- Wisner Township, Michigan Location within the state of Michigan
- Coordinates: 43°35′59″N 83°38′1″W﻿ / ﻿43.59972°N 83.63361°W
- Country: United States
- State: Michigan
- County: Tuscola
- Organized: 1861

Area
- • Total: 25.6 sq mi (66.4 km^{2})
- • Land: 19.4 sq mi (50.2 km^{2})
- • Water: 6.3 sq mi (16.3 km^{2})
- Elevation: 587 ft (179 m)

Population (2020)
- • Total: 604
- • Density: 31.2/sq mi (12.0/km^{2})
- Time zone: UTC-5 (Eastern (EST))
- • Summer (DST): UTC-4 (EDT)
- ZIP codes: 48701 (Akron) 48733 (Fairgrove)
- FIPS code: 26-88080
- GNIS feature ID: 1627284
- Website: https://wisnertwp.com/

= Wisner Township, Michigan =

Wisner Township is a civil township of Tuscola County in the U.S. state of Michigan. The population was 604 at the 2020 census.

The first land entries in this area were made by Joshua Terry in 1853, by Green Bird in 1854, and by Isaiah Jester in 1855. The township was first organized in 1861 and named after Moses Wisner, Governor of Michigan from 1859 to 1861.

== Communities ==
- Bay Park is an unincorporated community in the northeast corner and border of the township with Akron Township on Saginaw Bay at .
- Bradleyville is an unincorporated community in the township on Bradleyville Road north of Elmwood Road at .
- Oakhurst is an unincorporated community in the township on Saginaw Bay at Allen and Garner Road at .
- Quanicassee is an unincorporated community in the township at the mouth of the Quanicassee River on Saginaw Bay at . The name Quanicassee is of Native American origin meaning "lone tree". The area had been a Native American fishing village long before the arrival of white settlers, and there are no clear records regarding early settlement. A post office with the name "Quanicasse City" was established on June 11, 1886, with Horace G. Webster as the first postmaster. The office operated until March 31, 1902.
- Wisner is an unincorporated community at on the eastern boundary of the township with Akron Township centered about the junction of Vassar Road (marking the township line) and M-25/Bay City Forestville Rd, with settlement spread into both townships along M-25. A post office named Wisner was established on December 11, 1871, with Henry H. Gilbert as the first postmaster. The post office operated until May 31, 1905.
- The village of Akron is to the east, and the Akron post office, with ZIP code 48701, also serves the northeast portion of Wisner Township.
- The village of Fairgrove is to the southeast, and the Fairgrove post office, with ZIP code 48733, also serves the southwest portion of Wisner Township.

==Geography==
According to the United States Census Bureau, the township has a total area of 25.6 sqmi, of which 19.4 sqmi is land and 6.3 sqmi (24.52%) is water.

==Demographics==
As of the census of 2000, there were 749 people, 309 households, and 231 families residing in the township. The population density was 38.7 PD/sqmi. There were 368 housing units at an average density of 19.0 per square mile (7.3/km^{2}). The racial makeup of the township was 97.20% White, 0.13% African American, 0.67% Native American, 0.13% Asian, 0.13% Pacific Islander, 0.53% from other races, and 1.20% from two or more races. Hispanic or Latino of any race were 3.07% of the population.
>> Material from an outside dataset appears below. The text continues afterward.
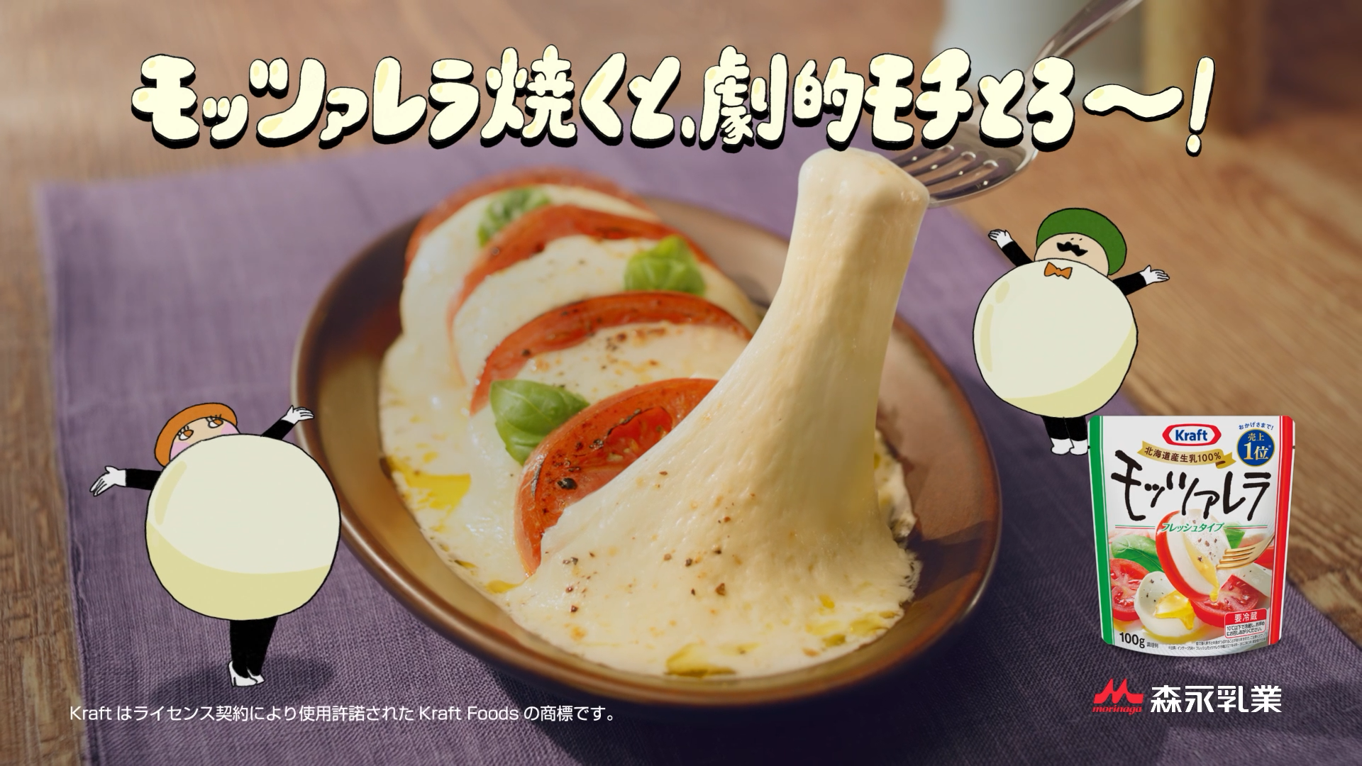 WORKS Kraft Fresh Mozzarella MORINAGA MILK INDUSTRY TV CM WEB CM カプレーゼで食すのが定番のモッツァレラチーズを焼いてみました。 作詞・作曲・アニメ・歌は、アーティストの井上涼さん。 モッツァ大臣とレラ夫人の可愛らしい動きをお楽しみください。 CREDIT Producer: Yuki Honda Director: Yusuke Tabuki

There were 309 households, out of which 24.6% had children under the age of 18 living with them, 64.4% were married couples living together, 5.8% had a female householder with no husband present, and 25.2% were non-families. 22.0% of all households were made up of individuals, and 8.1% had someone living alone who was 65 years of age or older. The average household size was 2.42 and the average family size was 2.80.

In the township the population was spread out, with 19.8% under the age of 18, 7.3% from 18 to 24, 25.5% from 25 to 44, 31.0% from 45 to 64, and 16.4% who were 65 years of age or older. The median age was 44 years. For every 100 females, there were 109.8 males. For every 100 females age 18 and over, there were 110.1 males.

The median income for a household in the township was $35,250, and the median income for a family was $47,625. Males had a median income of $39,375 versus $25,625 for females. The per capita income for the township was $20,153. About 10.6% of families and 13.0% of the population were below the poverty line, including 17.6% of those under age 18 and 4.7% of those age 65 or over.